An excerpt of Professor Goodwin’s address, which closes her two-year term as LSA President, can be found in the video below.

This transcript has been lightly edited for clarity.

Michele Goodwin

Hello everyone. My name is Michelle Goodwin, and I am our LSA president. And welcome back.

I first want to begin by thanking our LSA staff, and I’d like to ask them to please stand up. I’d like to thank Steven, our Executive Director, Melissa, our Associate Director of Operations, who you have been in touch with, Kevin, our Program Manager also in attendance, and Crissonna, our Communications Manager.  Thank for all of the work that you do.

I’d also like to take a moment to thank those who work at this hotel, who made sure that these rooms were available to us, who put microphones in the stands, made sure that the screens were up, who fed us this morning, who are taking care of our rooms and changing the sheets and all of those different things. Who also have their stories in terms of how they got here, how their days go. I’d like to thank them as well.

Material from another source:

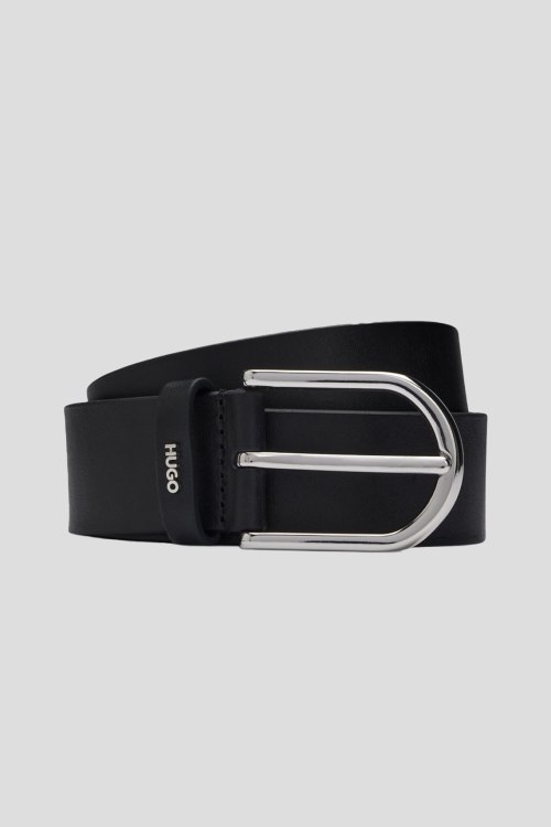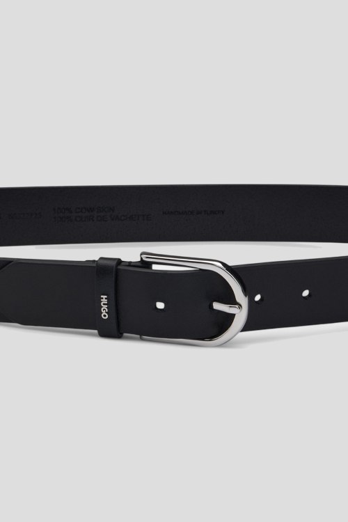Детали: Женский черный кожаный ремень Zoey-S_Sz35 от Hugo by Hugo Boss (Хуго бай Хуго Босс). Широкая модель, регулируемый размер, металлическая пряжка, логотип бренда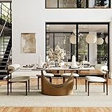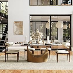Minimalist Dining Table: POVISON dining table is a perfect blend of simplicity and modern design. With clean lines and a sleek profile, this kitchen & dining room tables offers a minimalist aesthetic that adds a touch of modernity to any dining space. Its understated elegance allows it to effortlessly complement a variety of interior styles Modern Dining Chairs: Our dining chairs set feature a premium combination of Ash Wood and PU Leather, due to the material of the product, the appearance of wrinkles is normal phenomenon. Their simple yet stylish design effortlessly complements various dining tables and diverse interior decor styles, adding timeless charm to your home U-Shape Pedestal Table: The U-shape pedestal sets itself apart with its distinct and eye-catching design. The bronze dining table pedestal crafted for carbon steel, not only adds a touch of uniqueness but also provides excellent stability and support. This innovative design element enhances the dinner tables functionality but also adds a touch of style to the overall aesthetic Space-Saving Design: Povison modern dining chairs neatly tuck away inside the table when not in use, saving valuable space and keeping your area tidy. This dining table set can transform your dining area into a breakfast nook, a cozy spot for afternoon tea, or a casual coffee corner Easy To Assemble: There are the manual and full set of hardware necessary to guide you through assembly easily. Dining table - put the tabletop on the base and tighten it with screws to complete the installation

And to our community, the faculty, the students, the friends who’ve joined us, I thank you for being here. This year, Ms. Magazine and the Feminist Majority Foundation are also our co-sponsors.

And then I’d like to thank our program co-chairs. And if they would please stand up, they are Aziza Ahmed, Kimberly Mutcherson, Maya Manian, and Priscilla Ocen. Thank you so much for a fabulous program. And in fact, as I just mentioned Ms. Magazine, that wonderful–isn’t it wonderful on your bags? That artwork that comes from Ms. Magazine. It’s great. It’s super, it’s wonderful, and our graphic designer Brandi Phipps is the person who did that.

And before I begin my speech, I’d also like to thank my family, my husband, Greg Shaffer, who many of you know. I can walk into a room and there are people that are pulling at his coat too. He’s been a wonderful, wonderful traveler with me. And in fact, it was an LSA meeting in Chicago where we had almost a date 26 years ago—we’ve got to be really clear what that was–we were supposed to meet up at Law and Society in Chicago, and it was back in the day, for those of you who remember, where there used to be boards where you put little notes on the board…some of you remember, the note board, right, exactly! Well, we didn’t meet in Chicago, but we were together in Miami.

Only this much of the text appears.